Sorry a bit grim there. brew

PhilPhilConnors Mon 02-May-16 11:25:05

Having met (online) several adults with ASD, I think there is peace in acceptance and being yourself, and mixing with other people who understand, not that that makes it easy, but for our children, it can be more difficult to find that, as they have to spend time in school with people who don't get it, support led by people who have read the manual (if we're lucky) but can rarely take the time to get to know the individual child, or listen to parents, so things are done in a "all autistic children need visual timetables, all autistic children need xyz" sort of way, when it's not as simple as that.
I also think that too many people making decisions are not knowledgeable or aware of enough facts to make those decisions, which leads to some awful situations (children being taken away from parents, young adults being institutionalised).
More information needs to come from people with ASD and their families/carers, who live with ASD day in day out, rather than relying wholly on experts with book knowledge but no actually experience of the day to day stuff, and are reluctant to see it from an autistic point of view, instead sticking rigidly to their opinions.

Ineedmorepatience Mon 02-May-16 12:22:48

Fascinating topic zzzzz, I cant really add anything other than there has been a catalogue of crap outcomes people in my family for at least the last 3 generations! The members of my family who can see that there is a high likelyhood that some of that crap has been caused by the effects of un diagnosed/ un supported Asd are the ones who have been most supportive of me and Dd3!

Marshmallow09er Mon 02-May-16 16:45:38

This has given me much pause for thought.
My Grandpa was clearly autistic (Although undiagnosed. It's thanks to him I know so much about Fibonacci and the Golden number as they were his special interests smile)

He was terribly 'difficult' as a child (so the family story goes) so they sent him to a really strict boarding school - however he used to tell me he loved it there; so maybe the whole routines and rules suited him. But he always had a very strained relationship with his mother.
And he had terrible mental health issues in later life.
I do wonder now if only autism had been understood better then how different his life might have been.

i'm glad DS has been born into a more modern, understanding age - even though school is so very hard for him. I can see for him in some ways a more 'old school' system of clear rules, regulations and a lot of learning by rote (my Grandpa LOVED learning by rote!) might suit him...

AntiquityOverShares Mon 02-May-16 19:00:07

Argh. I've actually written 3 responses and not posted them due to oversharing about family members.

So briefly I would say obviously traditional childrearing is dependent upon time, space, sex and social class and could work better for some presentations of ASD yet worse for others (this is not a verbal vs. non verbal statement either).

There could be protective factors of it being less busy and closer knit community, but of course one can also become a community scapegoat/joke and some children need lots of stimulating visual and physical input.

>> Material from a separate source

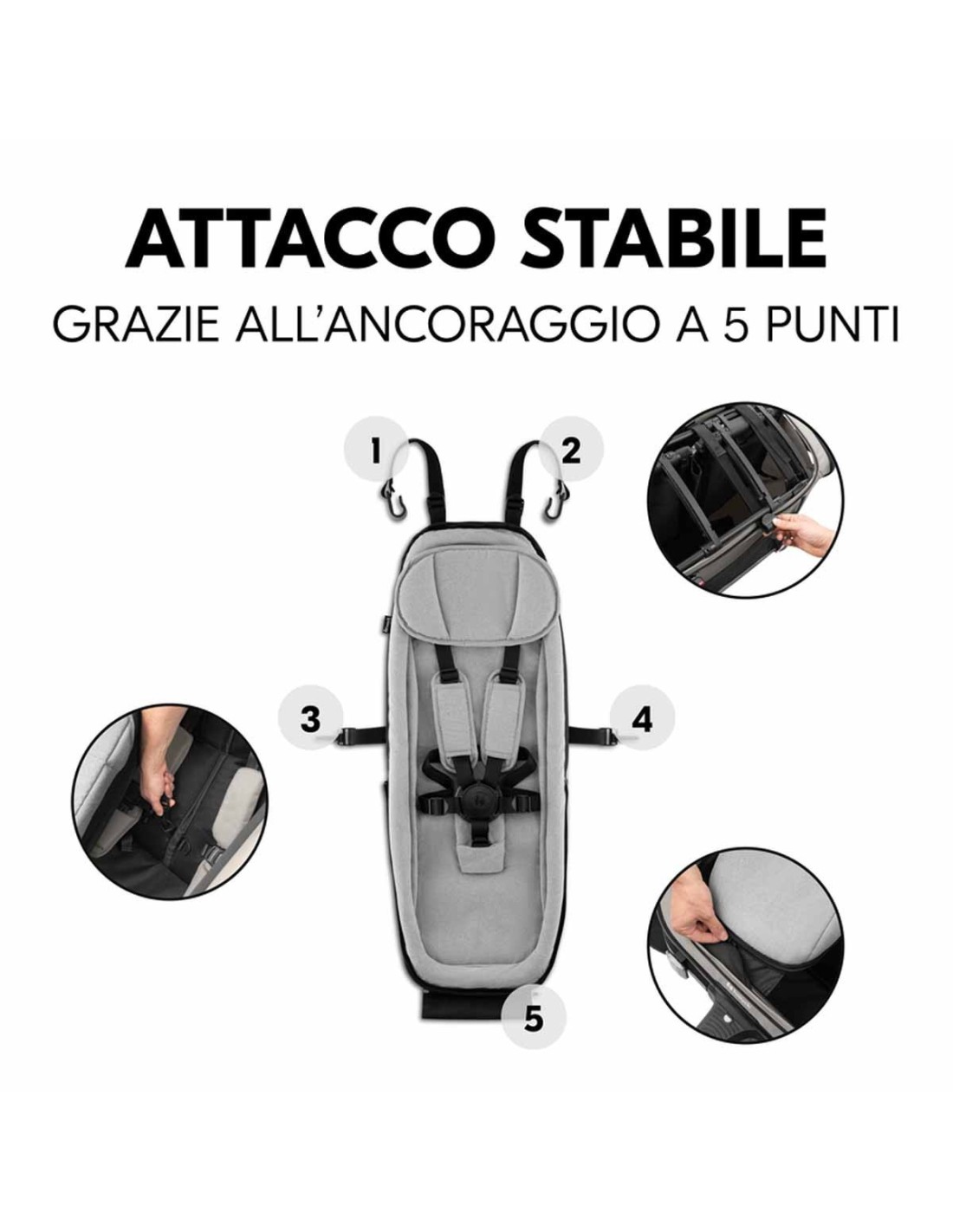 Seggiolino facile da montare grazie all’ancoraggio a 5 punti. Si crea il sistema di un’amaca in tensione facile da agganciare alla barra trasversale sotto, al telaio sopra e ai lati.

As for outcomes, I think my children will have better outcomes than dh or I. Or at least a firmer foundation with which to enter adult life. This is in part because I don't do traditional childrearing and because I have and will remove them from unsuitable school environments. Dh and I lived in enough fear at school and home we will not have our children outwardly conform if it breaks them inside like we were broken.

zzzzz Mon 02-May-16 19:15:53

When I said traditional although we have been talking about trad schooling I didn't really mean that as such. What I meant was your own families traditional child rearing.

zzzzz Mon 02-May-16 19:16:50

I too feel massively constrained by the fact I can't in good conscience use examples grin

PolterGoose Mon 02-May-16 19:58:48

Message withdrawn at poster's request.